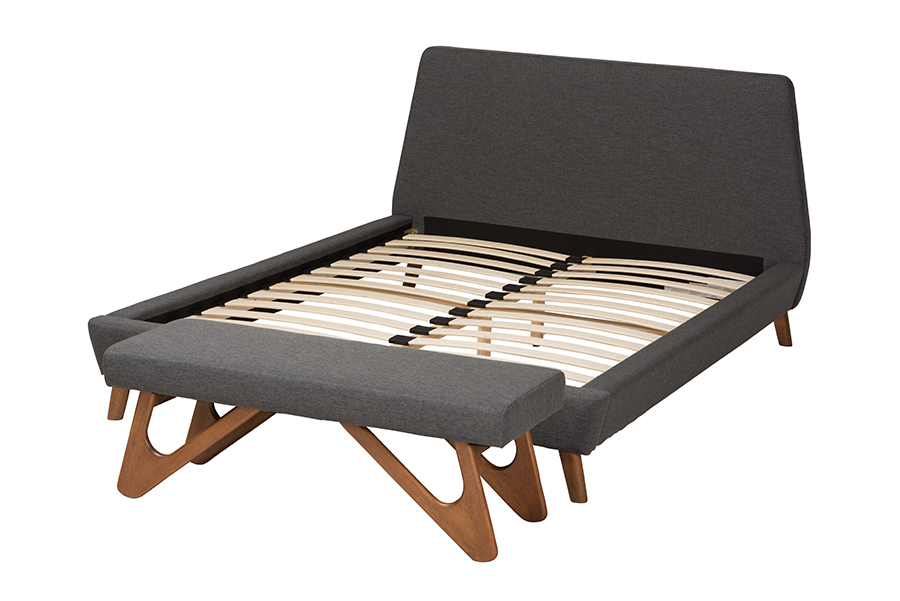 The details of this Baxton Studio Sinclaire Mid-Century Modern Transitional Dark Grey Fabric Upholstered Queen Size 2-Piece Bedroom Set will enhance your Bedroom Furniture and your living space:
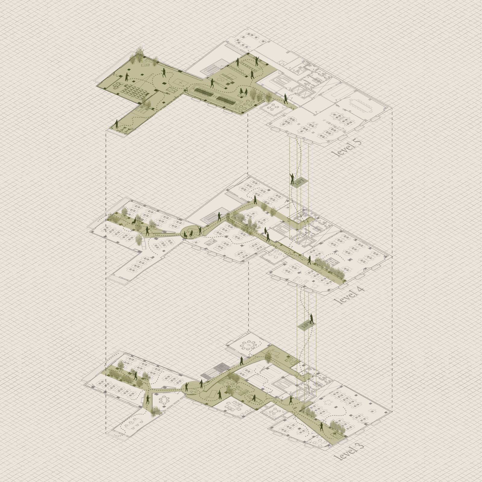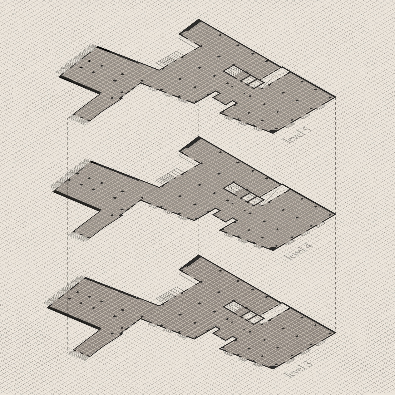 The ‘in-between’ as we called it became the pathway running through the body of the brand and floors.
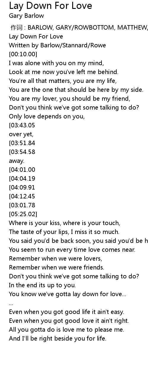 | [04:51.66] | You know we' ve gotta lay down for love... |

---

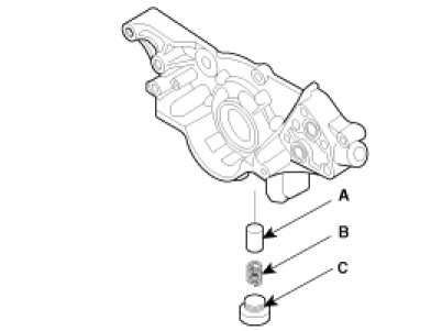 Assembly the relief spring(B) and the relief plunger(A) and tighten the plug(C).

...

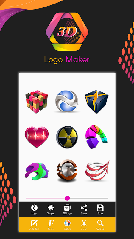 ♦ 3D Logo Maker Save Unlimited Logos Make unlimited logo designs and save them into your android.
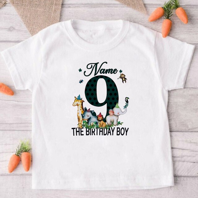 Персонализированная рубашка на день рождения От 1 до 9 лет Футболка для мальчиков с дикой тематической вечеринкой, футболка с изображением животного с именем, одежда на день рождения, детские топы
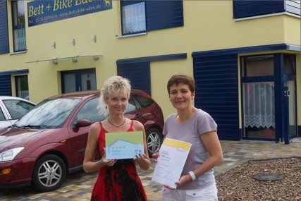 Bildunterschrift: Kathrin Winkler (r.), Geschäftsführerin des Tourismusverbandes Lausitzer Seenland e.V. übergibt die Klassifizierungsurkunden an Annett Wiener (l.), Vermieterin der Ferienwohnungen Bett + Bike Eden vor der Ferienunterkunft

> **Exercise objective**: Using the data above, print only the lines starting at the one with "Персонализированная рубашка на" and ending at the one with "Bildunterschrift: Kathrin Winkler", exactly as they stand, minus the pictures.

> **Exercise result**:
 Персонализированная рубашка на день рождения От 1 до 9 лет Футболка для мальчиков с дикой тематической вечеринкой, футболка с изображением животного с именем, одежда на день рождения, детские топы
 Bildunterschrift: Kathrin Winkler (r.), Geschäftsführerin des Tourismusverbandes Lausitzer Seenland e.V. übergibt die Klassifizierungsurkunden an Annett Wiener (l.), Vermieterin der Ferienwohnungen Bett + Bike Eden vor der Ferienunterkunft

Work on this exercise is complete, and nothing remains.